> **Problem details**: Without any of the pictures, set down the data below exactly.

> **Raw data**:
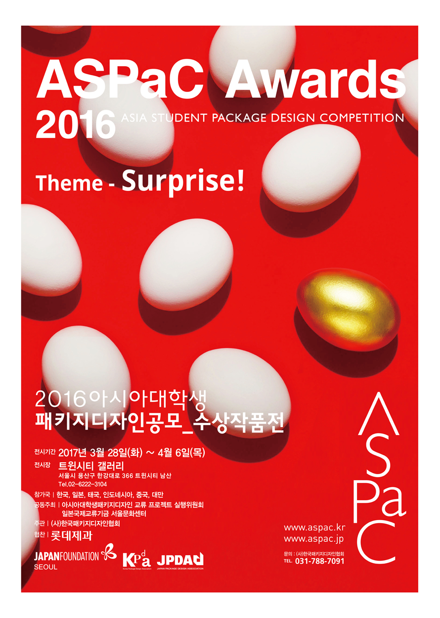 ‘2016아시아대학생패키지디자인 공모전(ASPaC)’은 디자인을 공부하고 있는 한국, 일본, 태국, 인도네시아, 중국(북경), 대만의 아시아 6개국 학생 교류를 통하여, 패키지디자인의 미래를 짊어질 젊은 장인의 힘을 육성하고 앞으로 패키지 디자인에 요구되는 것들을 탐구하고자 마련한 글로벌 프로젝트입니다.
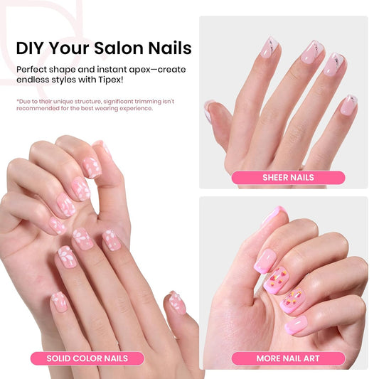 Beetles Tipex Gel Nail Kit Extra Short Square: 16 Sizes Instant Apex Nail Tips, 224 Pcs Pre-Building False Nail Tips with Tipex Nail Glue, Mini Nail Lamp-Thick Acrylic Nail Set
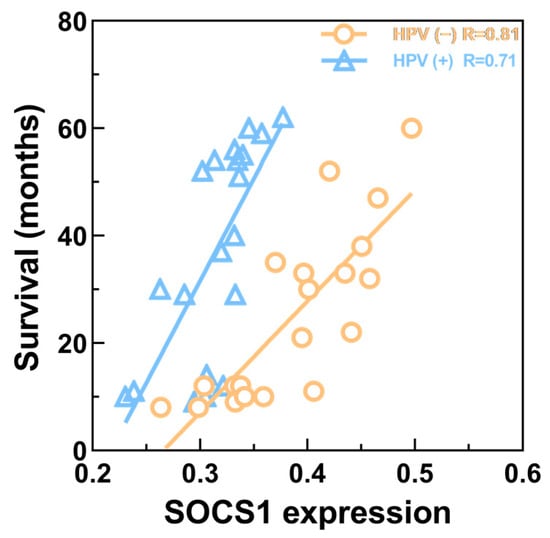 Correlation between SOCS1 expression and patient survival. R = 0.822 in HPV-positive HNSCC tissues; R = 0.843 in HPV-negative HNSCC tissues (p < 0.001).

> **Answer**:
 ‘2016아시아대학생패키지디자인 공모전(ASPaC)’은 디자인을 공부하고 있는 한국, 일본, 태국, 인도네시아, 중국(북경), 대만의 아시아 6개국 학생 교류를 통하여, 패키지디자인의 미래를 짊어질 젊은 장인의 힘을 육성하고 앞으로 패키지 디자인에 요구되는 것들을 탐구하고자 마련한 글로벌 프로젝트입니다.
 Beetles Tipex Gel Nail Kit Extra Short Square: 16 Sizes Instant Apex Nail Tips, 224 Pcs Pre-Building False Nail Tips with Tipex Nail Glue, Mini Nail Lamp-Thick Acrylic Nail Set
 Correlation between SOCS1 expression and patient survival. R = 0.822 in HPV-positive HNSCC tissues; R = 0.843 in HPV-negative HNSCC tissues (p < 0.001).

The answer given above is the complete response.